EXERCISE DESCRIPTION -> Nothing in the records should be changed in the copy, though the pictures must be left out.

[[ LISTED ENTRIES, beginning ]]

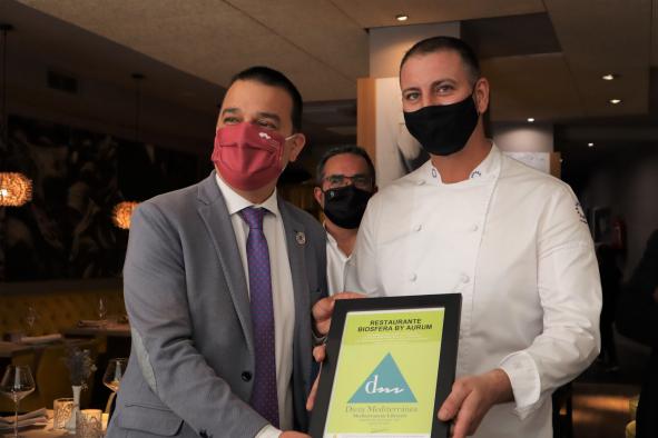 El consejero de Agricultura, Agua y Desarrollo Rural y presidente de la Fundación Dieta Mediterránea, Francisco Martínez Arroyo, se ha desplazado hoy hasta el restaurante ‘Biosfera by Aurum’, de Guadalajara, para hacerle entrega del diploma que lo reconoce como promotor de los valores de la dieta más saludable, sostenible y patrimonio Inmaterial de la Humanidad por la UNESCO, la dieta mediterránea.
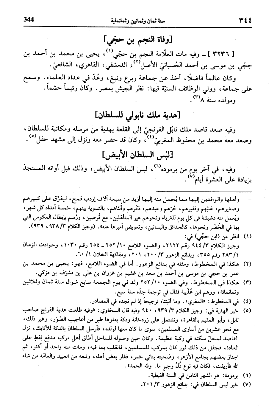 (¬5) خبر الهدية في: وجيز الكلام 3/ 939، 940 وفيه قال السخاوي: «وفيه طلعت هدية الفرنج صاحب نابل، وأبو المقيم بالقاهرة، وتشتمل على زردخانة ودكة يعلوها طير من أعاجيب الصور، وغير ذلك، مع نحو عشرين من أسارى المسلمين، سوى ما كان معها لولده، فأرسل السلطان بالدكة للأتابك، نزل القاصد لمحلّ سكنه في ركبة عظيمة. وكان حين وصوله للساحل أطلق أهل مركبه مدفع نفط على العادة، فجفل من ذلك ثور كان بمركب للمسلمين، فانقلب بما فيه، ومات منه واحد أو أكثر، ثم اجتاز بعضهم بجامع الأزهر، وصحبته بتاتي خمر، فغار بعض أهله، وتبعه من العبيد والعامّة من شاء الله فأريقت، فكان فيه نوع ذلّ وجبر ما. ولله الحمد».
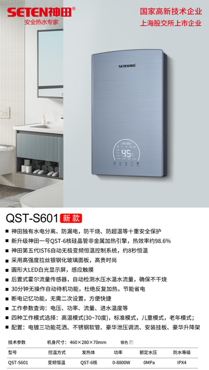 S601的安全性極高,硅晶6核加熱,水電分離,不結(jié)水垢,熱效率高,具備防漏電、防超溫、防超壓、防干燒、故障自檢多種安全保護(hù)。S601也應(yīng)用了智能變頻恒溫、斷電記憶、半小時(shí)無操作自動(dòng)待機(jī)等功能。
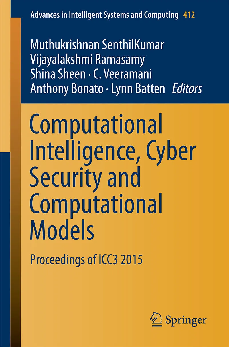 Part I_Keynote Address: 1. The game of Wall Cops and Robbers.- 2. Smartphone Applications, Malware and Data Theft.- 3. Towards Evolutionary Multitasking: A New Paradigm in Evolutionary Computation.- 4. Generating a Standardized Upper Ontology for Security of Information and Networks.- Part II_Computational Intelligence: Chapter 1. Analysis of Throat Microphone Using MFCC features for Speaker Recognition.- Chapter 2. Single-pixel Based Double Random-Phase Encoding Technique.- Chapter 3. Kernel Online Multi-task Learning.- Chapter 4. Performance Evaluation of Sentiment Classification Using Query Strategies in a Pool Based Active Learning Scenario.- Chapter 5. An Enhanced Image Watermarking Scheme Using Blocks with Homogeneous Feature Distribution.- Chapter 6. Performance Analysis of ApEn as a Feature Extraction Technique and Time Delay Neural Networks, Multi-layer Perceptron as Post Classifiers for the Classification of Epilepsy Risk Levels from EEG Signals.- Chapter 7. Suspicious Human Activity Detection in Classroom Examination.- Chapter 8. H * *State Estimation of Discrete Time Delayed Neural Networks with Multiple Missing Measurements Using Second Order Reciprocal Convex Approach.- Chapter 9. A Fuzzy Methodology for Clustering Text Documents with Uncertain Spatial References.- Chapter 10. A Novel Feature Extraction Algorithm from Fingerprint Image in Wavelet Domain.- Chapter 11. Motor imagery Classification Based on Variable Precision Multigranulation Rough Set.- Chapter 12. Fault Tolerant and Energy Efficient Signal Processing on FPGA Using Evolutionary Techniques.- Chapter 13. A Two Phase Approach for Efficient Clustering of Web Services.- Chapter 14. Elimination of Redundant Association Rules An Efficient Linear Approach.- Chapter 15. Clustering Techniques from Significance Analysis of Microarrays.- Chapter 16. Breast Region Extraction and Pectoral Removal by Pixel Constancy Constraint approach in Mammograms.- Chapter 17. Bridging the Semantic Gap in Image Search via Visual Semantic Descriptors by Integrating Text and Visual Features.- Chapter 18. Adaptive Equalization Algorithm for Electrocardiogram Signal Transmission.- Chapter 19. An Efficient Approach for MapReduce Result Verification.- Chapter 20. Improving Lifetime of Memory Devices Using Evolutionary Computing Based Error Correction Coding.- Chapter 21. Comparison of Machine Learning Techniques for the Identification of the Stages of Parkinson's Disease.- Chapter 22. Security Constrained Unit Commitment Problem Employing Artificial Computational Intelligence for Wind-thermal Power System.- Chapter 23. Human Gait Recognition Using Fuzzy Logic.- Chapter 24. …
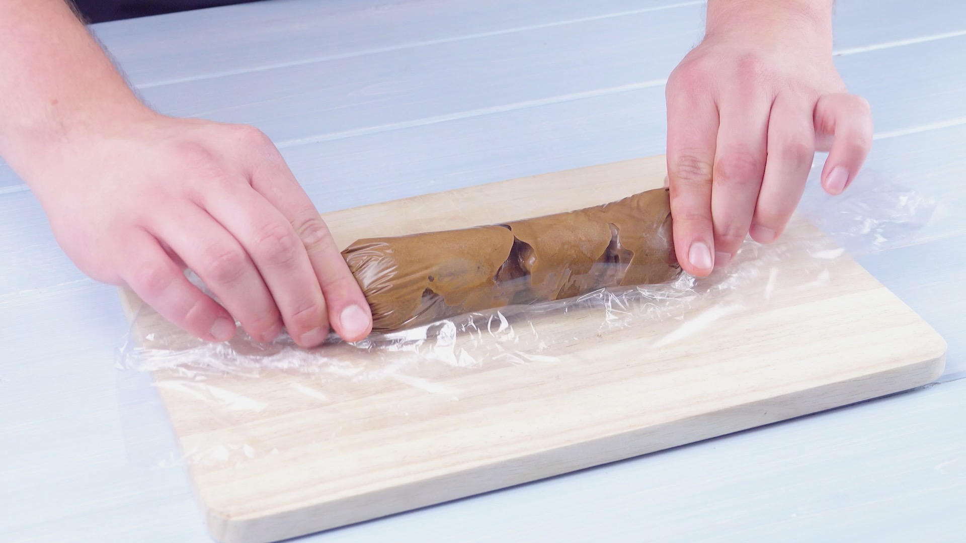 3.) Lege 4 Kugeln Schokoladeneis nebeneinander auf Klarsichtfolie. Wickle die Folie um das Eis und forme die Kugeln zu einer Wurst, die du dann für eine Stunde ins Gefrierfach legst.
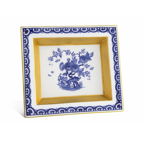 Als prächtiges Paar präsentieren sich Vide-Poche und Vase, und zwar im doppelten Sinne: Ihr Dekor vereint mit kobaltblauer Unterglasur, gerahmt von Brokatmalerei in 23-karätigem Gold, zwei Beispiele großartiger Meissener Porzellanmalerei. Schon zu Zeiten August des Starken (1670-1733) wurde das Weiße Gold® bei MEISSEN® mit blauen asiatischen Motiven dekoriert. Ihre Tiefe und Strahlkraft wird von der kostbaren, filigranen Goldbrokatmalerei betont. Wie eingraviert überziehen feinste Blütenornamente den mattgoldenen Grund - barocker Glanz in moderner Maltechnik und höchster Vollendung.

[[ LISTED ENTRIES, end ]]

EXERCISE RESPONSE ->
 El consejero de Agricultura, Agua y Desarrollo Rural y presidente de la Fundación Dieta Mediterránea, Francisco Martínez Arroyo, se ha desplazado hoy hasta el restaurante ‘Biosfera by Aurum’, de Guadalajara, para hacerle entrega del diploma que lo reconoce como promotor de los valores de la dieta más saludable, sostenible y patrimonio Inmaterial de la Humanidad por la UNESCO, la dieta mediterránea.
 (¬5) خبر الهدية في: وجيز الكلام 3/ 939، 940 وفيه قال السخاوي: «وفيه طلعت هدية الفرنج صاحب نابل، وأبو المقيم بالقاهرة، وتشتمل على زردخانة ودكة يعلوها طير من أعاجيب الصور، وغير ذلك، مع نحو عشرين من أسارى المسلمين، سوى ما كان معها لولده، فأرسل السلطان بالدكة للأتابك، نزل القاصد لمحلّ سكنه في ركبة عظيمة. وكان حين وصوله للساحل أطلق أهل مركبه مدفع نفط على العادة، فجفل من ذلك ثور كان بمركب للمسلمين، فانقلب بما فيه، ومات منه واحد أو أكثر، ثم اجتاز بعضهم بجامع الأزهر، وصحبته بتاتي خمر، فغار بعض أهله، وتبعه من العبيد والعامّة من شاء الله فأريقت، فكان فيه نوع ذلّ وجبر ما. ولله الحمد».
 S601的安全性極高,硅晶6核加熱,水電分離,不結(jié)水垢,熱效率高,具備防漏電、防超溫、防超壓、防干燒、故障自檢多種安全保護(hù)。S601也應(yīng)用了智能變頻恒溫、斷電記憶、半小時(shí)無操作自動(dòng)待機(jī)等功能。
 Part I_Keynote Address: 1. The game of Wall Cops and Robbers.- 2. Smartphone Applications, Malware and Data Theft.- 3. Towards Evolutionary Multitasking: A New Paradigm in Evolutionary Computation.- 4. Generating a Standardized Upper Ontology for Security of Information and Networks.- Part II_Computational Intelligence: Chapter 1. Analysis of Throat Microphone Using MFCC features for Speaker Recognition.- Chapter 2. Single-pixel Based Double Random-Phase Encoding Technique.- Chapter 3. Kernel Online Multi-task Learning.- Chapter 4. Performance Evaluation of Sentiment Classification Using Query Strategies in a Pool Based Active Learning Scenario.- Chapter 5. An Enhanced Image Watermarking Scheme Using Blocks with Homogeneous Feature Distribution.- Chapter 6. Performance Analysis of ApEn as a Feature Extraction Technique and Time Delay Neural Networks, Multi-layer Perceptron as Post Classifiers for the Classification of Epilepsy Risk Levels from EEG Signals.- Chapter 7. Suspicious Human Activity Detection in Classroom Examination.- Chapter 8. H * *State Estimation of Discrete Time Delayed Neural Networks with Multiple Missing Measurements Using Second Order Reciprocal Convex Approach.- Chapter 9. A Fuzzy Methodology for Clustering Text Documents with Uncertain Spatial References.- Chapter 10. A Novel Feature Extraction Algorithm from Fingerprint Image in Wavelet Domain.- Chapter 11. Motor imagery Classification Based on Variable Precision Multigranulation Rough Set.- Chapter 12. Fault Tolerant and Energy Efficient Signal Processing on FPGA Using Evolutionary Techniques.- Chapter 13. A Two Phase Approach for Efficient Clustering of Web Services.- Chapter 14. Elimination of Redundant Association Rules An Efficient Linear Approach.- Chapter 15. Clustering Techniques from Significance Analysis of Microarrays.- Chapter 16. Breast Region Extraction and Pectoral Removal by Pixel Constancy Constraint approach in Mammograms.- Chapter 17. Bridging the Semantic Gap in Image Search via Visual Semantic Descriptors by Integrating Text and Visual Features.- Chapter 18. Adaptive Equalization Algorithm for Electrocardiogram Signal Transmission.- Chapter 19. An Efficient Approach for MapReduce Result Verification.- Chapter 20. Improving Lifetime of Memory Devices Using Evolutionary Computing Based Error Correction Coding.- Chapter 21. Comparison of Machine Learning Techniques for the Identification of the Stages of Parkinson's Disease.- Chapter 22. Security Constrained Unit Commitment Problem Employing Artificial Computational Intelligence for Wind-thermal Power System.- Chapter 23. Human Gait Recognition Using Fuzzy Logic.- Chapter 24. …
 3.) Lege 4 Kugeln Schokoladeneis nebeneinander auf Klarsichtfolie. Wickle die Folie um das Eis und forme die Kugeln zu einer Wurst, die du dann für eine Stunde ins Gefrierfach legst.
 Als prächtiges Paar präsentieren sich Vide-Poche und Vase, und zwar im doppelten Sinne: Ihr Dekor vereint mit kobaltblauer Unterglasur, gerahmt von Brokatmalerei in 23-karätigem Gold, zwei Beispiele großartiger Meissener Porzellanmalerei. Schon zu Zeiten August des Starken (1670-1733) wurde das Weiße Gold® bei MEISSEN® mit blauen asiatischen Motiven dekoriert. Ihre Tiefe und Strahlkraft wird von der kostbaren, filigranen Goldbrokatmalerei betont. Wie eingraviert überziehen feinste Blütenornamente den mattgoldenen Grund - barocker Glanz in moderner Maltechnik und höchster Vollendung.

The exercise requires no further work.